Ahmet Hasim

The following article is from The Great Soviet Encyclopedia (1979). It might be outdated or ideologically biased.

Ahmet Hasim

 

Born 1884 in Baghdad; died June 4, 1933, in Istanbul. Turkish writer; initiator of symbolism in Turkish poetry.

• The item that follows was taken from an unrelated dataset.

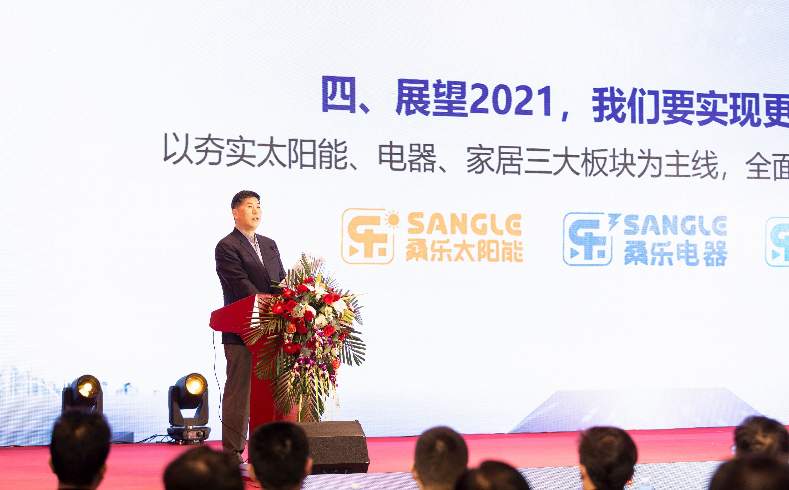 會上,董事長王雪廣發(fā)表主旨演講。首先,他代表桑樂集團全體員工向遠(yuǎn)道而來的桑樂經(jīng)銷商們表示熱烈的歡迎和最真誠的問候。他表示,面對疫情下的銷售困境,集團打響了化危為機的攻堅戰(zhàn),創(chuàng)新布局新零售,打造“線上+線下”融合發(fā)展新體系,取得了全年業(yè)績同比增長20%的可喜成績,這些成績的取得與廣大的桑樂經(jīng)銷商家人們的辛苦付出和大力支持是密不可分的。更值得一提的是,桑樂已開啟集團化發(fā)展征程,今后將繼續(xù)加強各項工作的推進,達成集團全方位發(fā)展。展望2021年,集團要實現(xiàn)更大的突破,以夯實太陽能、電器、家居三大版塊為主線,全面提升銷售業(yè)績,堅持新零售模式,健全“云平臺”服務(wù)體系。桑樂的美好藍(lán)圖已徐徐展開,希望在座的桑樂經(jīng)銷商家人們能夠滿懷信心,團結(jié)一致,與集團攜手并進,為實現(xiàn)共同的桑樂夢想而努力奮斗。

Ahmet Haşim’s works have been printed since 1901. He collaborated in the “Approaching Dawn” literary circle, in which an attempt was made to revive the traditions of the “Serveti Fünun” and to create a Turkish neoclassicism which was to combine the form of classical poetry with the ideas of Western “pure art.” Ahmet Haşim wrote in the aruz meter. He stood for the simplification of the Turkish language. His principal themes were love and nature, and his verse occasionally reflects melancholy, despondency, and a striving to withdraw from society. He published the collections of verse Hours Spent at the Lake (1921) and The Cup (1 926), as well as travel sketches.

REFERENCES

Al’kaeva, L. O. Ocherki po istorii turetskoi literatury, 1908–1939. Moscow, 1959.
APkaeva, L., and A. Babaev. Turetskaia literatura. Moscow, 1967.
Yetkin, S. K. Ahmet Haşim ve sembolizm. Ankara, 1938.
Hisar, A. ş. Ahmet Haşim, şiiri ve hayhati. Istanbul, 1962.
Bezirci, A. Ahmet Haşim, Inceleme. Istanbul, 1967.
Jaşar, Nabi. Ahmet Haşim, Hayati, Sanati eserler. Istanbul, 1968.